_Directions for this task_: What are the lines, word for word, from the line with "Figur 3. Exempelbild" up to and including the line with "分享喜「月」- 長榮航空中秋探訪活動" in the records below? Omit the pictures.

_Supplied records_:
<<<<

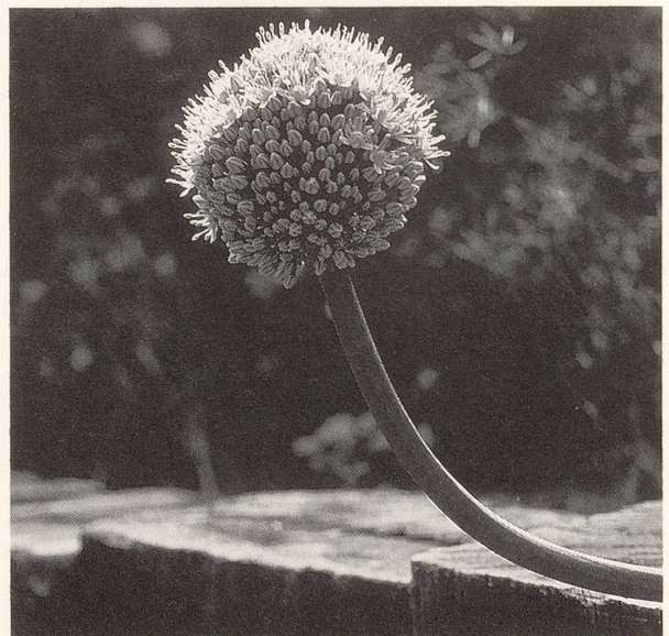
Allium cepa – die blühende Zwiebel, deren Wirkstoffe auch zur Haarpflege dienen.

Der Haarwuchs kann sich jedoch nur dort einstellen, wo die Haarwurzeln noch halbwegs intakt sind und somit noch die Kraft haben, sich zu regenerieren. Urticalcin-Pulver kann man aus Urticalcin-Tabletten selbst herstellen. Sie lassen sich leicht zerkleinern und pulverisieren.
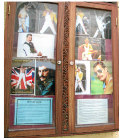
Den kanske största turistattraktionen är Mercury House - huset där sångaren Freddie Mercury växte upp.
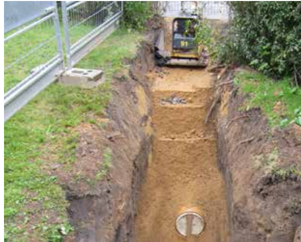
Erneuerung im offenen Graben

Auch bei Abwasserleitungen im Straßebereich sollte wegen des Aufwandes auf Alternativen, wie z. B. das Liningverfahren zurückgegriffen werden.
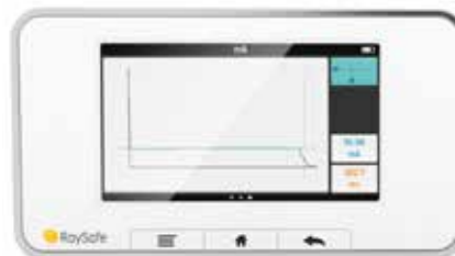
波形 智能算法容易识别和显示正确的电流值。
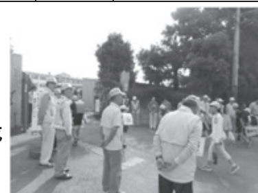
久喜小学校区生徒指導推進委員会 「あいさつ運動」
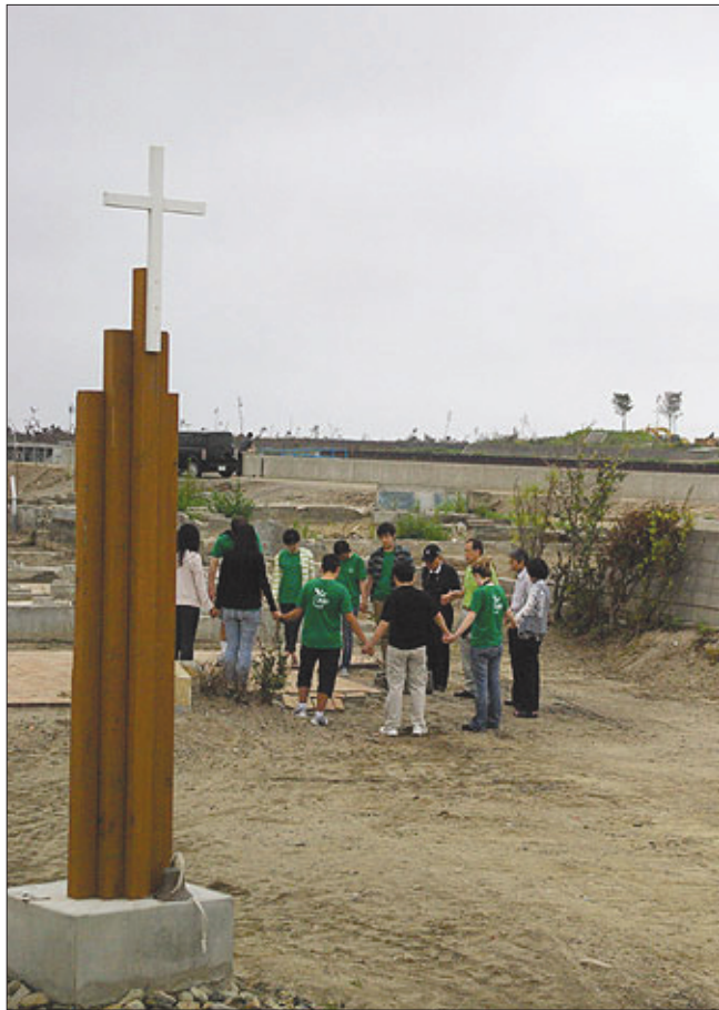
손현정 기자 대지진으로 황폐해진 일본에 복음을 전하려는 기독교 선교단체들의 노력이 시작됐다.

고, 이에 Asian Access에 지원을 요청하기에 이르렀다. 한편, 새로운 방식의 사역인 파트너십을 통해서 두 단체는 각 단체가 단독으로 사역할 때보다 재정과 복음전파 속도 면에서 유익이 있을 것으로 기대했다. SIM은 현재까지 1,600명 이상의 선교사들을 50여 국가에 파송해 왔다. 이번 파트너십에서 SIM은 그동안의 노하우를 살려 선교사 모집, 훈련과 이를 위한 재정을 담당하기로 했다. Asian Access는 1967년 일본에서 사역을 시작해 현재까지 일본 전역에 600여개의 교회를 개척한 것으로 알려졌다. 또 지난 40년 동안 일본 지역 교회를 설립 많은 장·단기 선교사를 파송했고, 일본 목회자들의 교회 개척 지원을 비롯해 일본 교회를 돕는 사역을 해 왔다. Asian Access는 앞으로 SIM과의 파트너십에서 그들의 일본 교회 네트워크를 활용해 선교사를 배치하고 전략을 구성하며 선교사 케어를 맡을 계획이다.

>>>>
<<<<

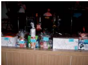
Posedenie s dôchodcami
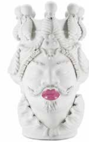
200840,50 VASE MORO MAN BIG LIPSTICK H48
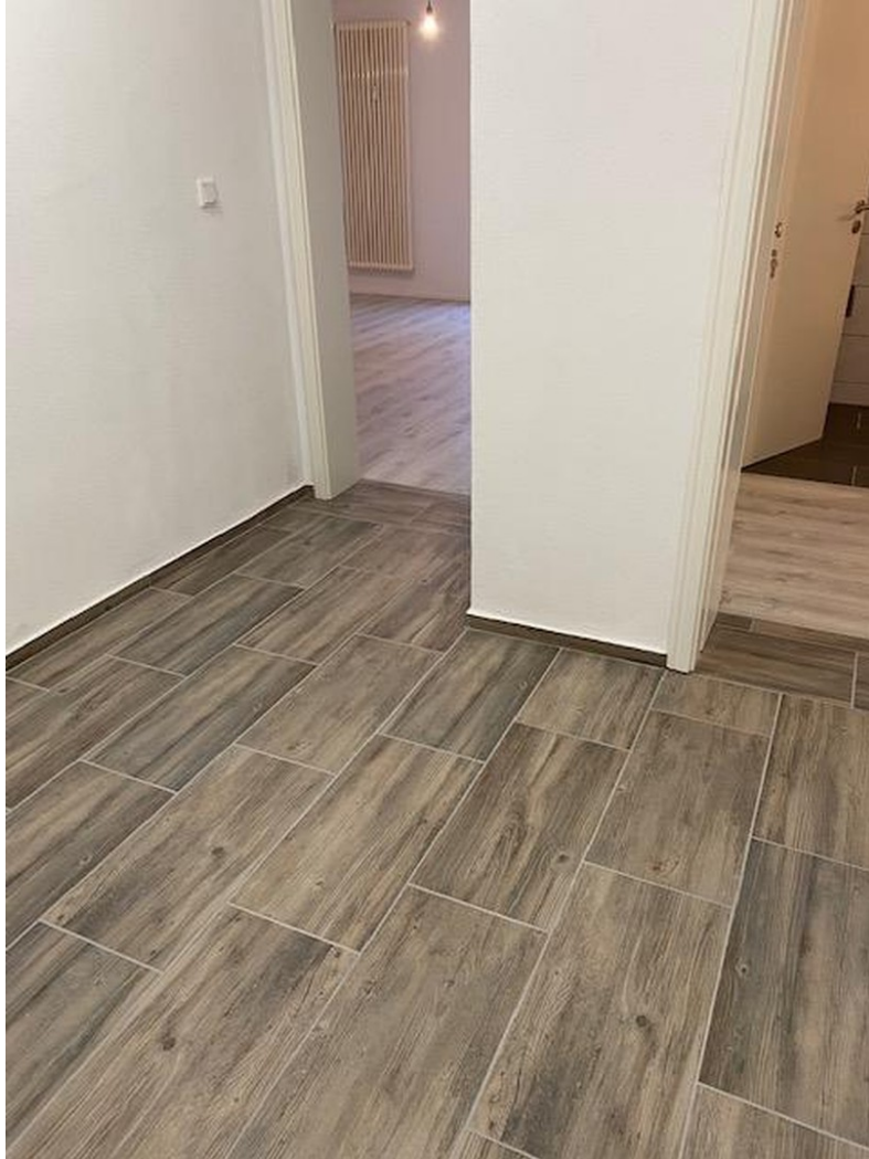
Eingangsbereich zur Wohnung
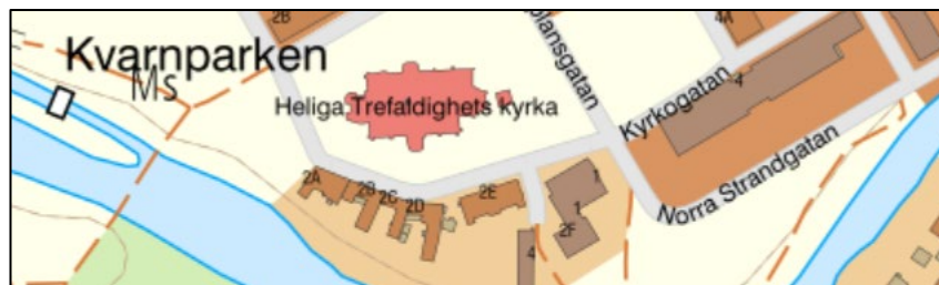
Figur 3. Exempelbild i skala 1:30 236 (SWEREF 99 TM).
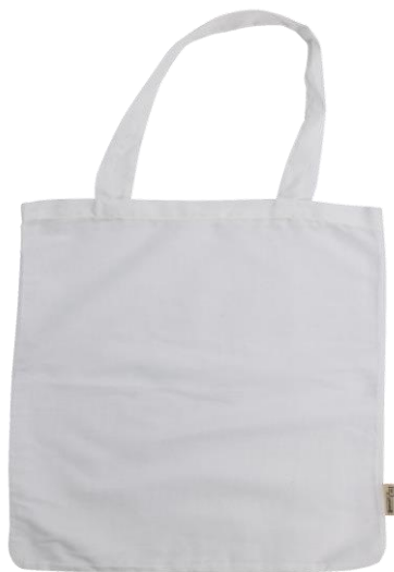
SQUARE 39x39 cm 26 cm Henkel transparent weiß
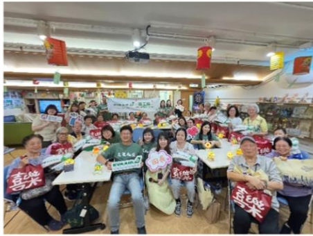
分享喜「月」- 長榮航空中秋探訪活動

>>>>
<<<<

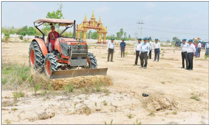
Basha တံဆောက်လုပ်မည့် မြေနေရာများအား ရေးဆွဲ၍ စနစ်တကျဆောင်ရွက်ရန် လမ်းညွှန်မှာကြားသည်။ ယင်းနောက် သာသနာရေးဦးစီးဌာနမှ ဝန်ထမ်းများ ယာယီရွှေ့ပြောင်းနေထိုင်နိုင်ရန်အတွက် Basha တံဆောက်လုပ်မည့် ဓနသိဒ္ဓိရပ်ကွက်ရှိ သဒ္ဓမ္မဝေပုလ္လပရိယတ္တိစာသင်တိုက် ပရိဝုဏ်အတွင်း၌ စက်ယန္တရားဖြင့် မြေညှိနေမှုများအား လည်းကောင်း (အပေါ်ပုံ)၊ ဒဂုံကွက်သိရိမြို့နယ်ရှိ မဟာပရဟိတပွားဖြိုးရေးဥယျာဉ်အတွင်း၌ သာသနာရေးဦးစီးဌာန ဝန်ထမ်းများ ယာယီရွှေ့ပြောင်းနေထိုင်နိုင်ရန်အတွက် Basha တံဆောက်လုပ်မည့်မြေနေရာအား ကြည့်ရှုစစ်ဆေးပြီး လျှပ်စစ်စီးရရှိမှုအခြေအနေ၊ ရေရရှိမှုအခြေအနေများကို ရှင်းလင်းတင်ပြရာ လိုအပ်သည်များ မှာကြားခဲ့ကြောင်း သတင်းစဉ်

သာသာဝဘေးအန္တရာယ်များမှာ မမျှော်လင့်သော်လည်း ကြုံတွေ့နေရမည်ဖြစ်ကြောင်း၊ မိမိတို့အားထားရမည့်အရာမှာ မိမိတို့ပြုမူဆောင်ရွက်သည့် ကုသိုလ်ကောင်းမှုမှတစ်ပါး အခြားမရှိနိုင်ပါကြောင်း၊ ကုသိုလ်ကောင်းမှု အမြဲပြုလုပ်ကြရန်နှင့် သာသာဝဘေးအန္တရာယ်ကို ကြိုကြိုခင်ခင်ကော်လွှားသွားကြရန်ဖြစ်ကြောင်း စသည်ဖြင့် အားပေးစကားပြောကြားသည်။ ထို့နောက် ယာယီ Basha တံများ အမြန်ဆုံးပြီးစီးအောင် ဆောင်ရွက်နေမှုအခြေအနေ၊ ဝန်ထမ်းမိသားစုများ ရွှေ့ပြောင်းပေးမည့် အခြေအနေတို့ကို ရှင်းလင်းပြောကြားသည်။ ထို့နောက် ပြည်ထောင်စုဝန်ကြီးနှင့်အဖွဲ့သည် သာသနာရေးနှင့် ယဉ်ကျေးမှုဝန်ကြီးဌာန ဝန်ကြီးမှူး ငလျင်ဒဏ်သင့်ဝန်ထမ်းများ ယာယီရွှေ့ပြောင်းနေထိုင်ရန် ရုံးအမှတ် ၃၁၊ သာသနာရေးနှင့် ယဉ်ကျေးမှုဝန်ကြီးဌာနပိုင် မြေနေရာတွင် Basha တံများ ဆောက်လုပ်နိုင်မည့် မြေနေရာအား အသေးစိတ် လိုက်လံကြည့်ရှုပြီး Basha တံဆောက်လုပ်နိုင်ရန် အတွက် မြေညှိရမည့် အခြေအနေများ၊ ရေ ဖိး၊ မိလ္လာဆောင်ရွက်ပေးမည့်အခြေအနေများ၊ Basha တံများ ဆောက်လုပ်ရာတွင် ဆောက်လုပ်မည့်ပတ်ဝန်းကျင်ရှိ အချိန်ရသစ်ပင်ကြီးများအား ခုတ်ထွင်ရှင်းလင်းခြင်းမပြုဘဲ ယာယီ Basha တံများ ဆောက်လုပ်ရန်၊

>>>>

_Answer area_:
Figur 3. Exempelbild i skala 1:30 236 (SWEREF 99 TM).
SQUARE 39x39 cm 26 cm Henkel transparent weiß
分享喜「月」- 長榮航空中秋探訪活動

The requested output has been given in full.